• EXERCISE:
Only the pictures are to be dropped; the rest of the data below is to be duplicated exactly.

• RECORDED INFORMATION:
* * * * * * * * *

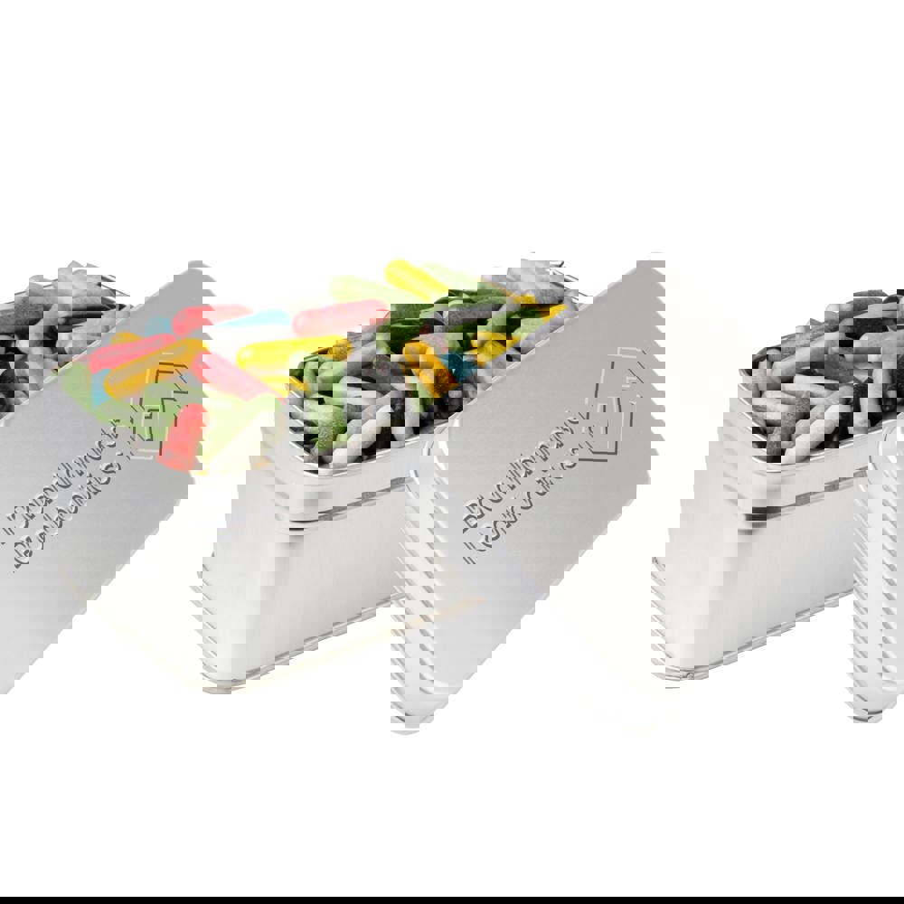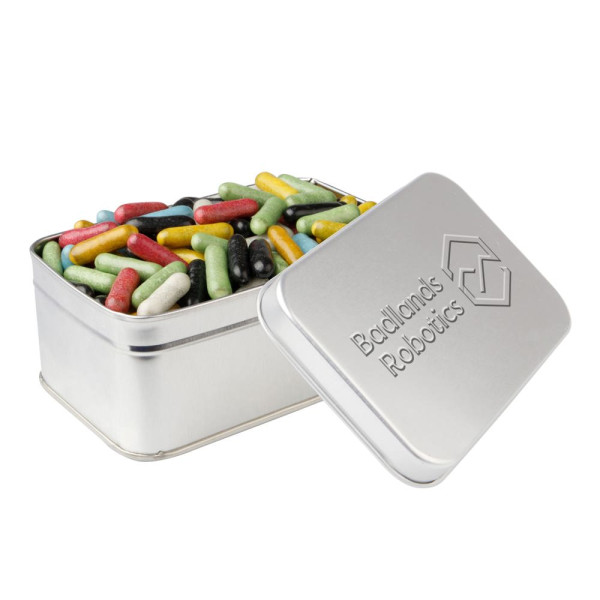 Rechteckige Dose mit Prägung auf dem Deckel, gefüllt mit ca. 140 Gramm Metallic Sweets mehr
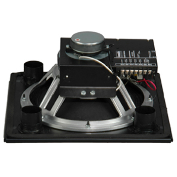 音箱系統是兩分頻全頻倒相式吸頂設計,一個鋁合金構架的12“低頻單元和一個1”開口高頻驅動同軸安裝在60°x60°號角上。音箱系統安裝在黑色的鋼制障板上。驅動連接了一個分頻頻率為2kHz的分頻器,并有過流保護電路。連接是通過螺釘終端阻隔帶。系統的振幅響應是80Hz-12.5kHz(+/-4dB),輸入能力是40V RMS,在標稱阻抗8歐下,是97dB靈敏度@2.83V/1m。標稱覆蓋在1.6kHz至12.5kH范圍內是60°H x 60°V。箱體尺寸是14.625”x14.625”x6.938”,重量為17.2 lbs。
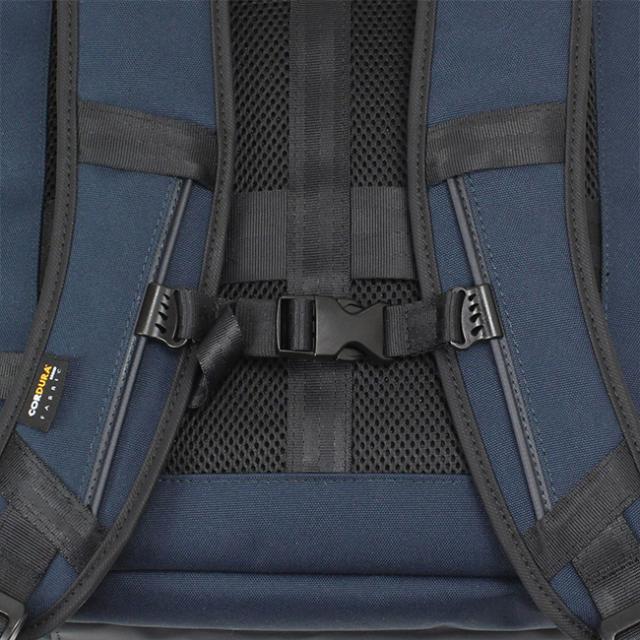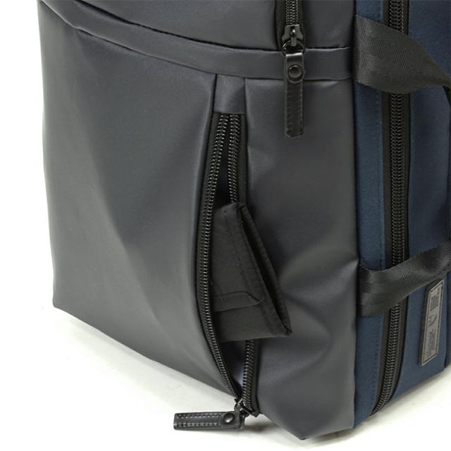 素材には、耐久性に優れた610Dコーデュラポリエステルの生地を採用。はっ水性や防汚性に優れたTPUコーティング加工を施した生地の表と裏の使い分けにより、同系色の落ち着いたデザインでありながら現代的な印象に仕上げられています。本体側面ロゴ部分には質感の高いレザーを採用して、アクセントになっています。背面・肩ベルト裏面は通気性のよいメッシュ構造です。

* * * * * * * * *

• RESPONSE:
 Rechteckige Dose mit Prägung auf dem Deckel, gefüllt mit ca. 140 Gramm Metallic Sweets mehr
 音箱系統是兩分頻全頻倒相式吸頂設計,一個鋁合金構架的12“低頻單元和一個1”開口高頻驅動同軸安裝在60°x60°號角上。音箱系統安裝在黑色的鋼制障板上。驅動連接了一個分頻頻率為2kHz的分頻器,并有過流保護電路。連接是通過螺釘終端阻隔帶。系統的振幅響應是80Hz-12.5kHz(+/-4dB),輸入能力是40V RMS,在標稱阻抗8歐下,是97dB靈敏度@2.83V/1m。標稱覆蓋在1.6kHz至12.5kH范圍內是60°H x 60°V。箱體尺寸是14.625”x14.625”x6.938”,重量為17.2 lbs。
 素材には、耐久性に優れた610Dコーデュラポリエステルの生地を採用。はっ水性や防汚性に優れたTPUコーティング加工を施した生地の表と裏の使い分けにより、同系色の落ち着いたデザインでありながら現代的な印象に仕上げられています。本体側面ロゴ部分には質感の高いレザーを採用して、アクセントになっています。背面・肩ベルト裏面は通気性のよいメッシュ構造です。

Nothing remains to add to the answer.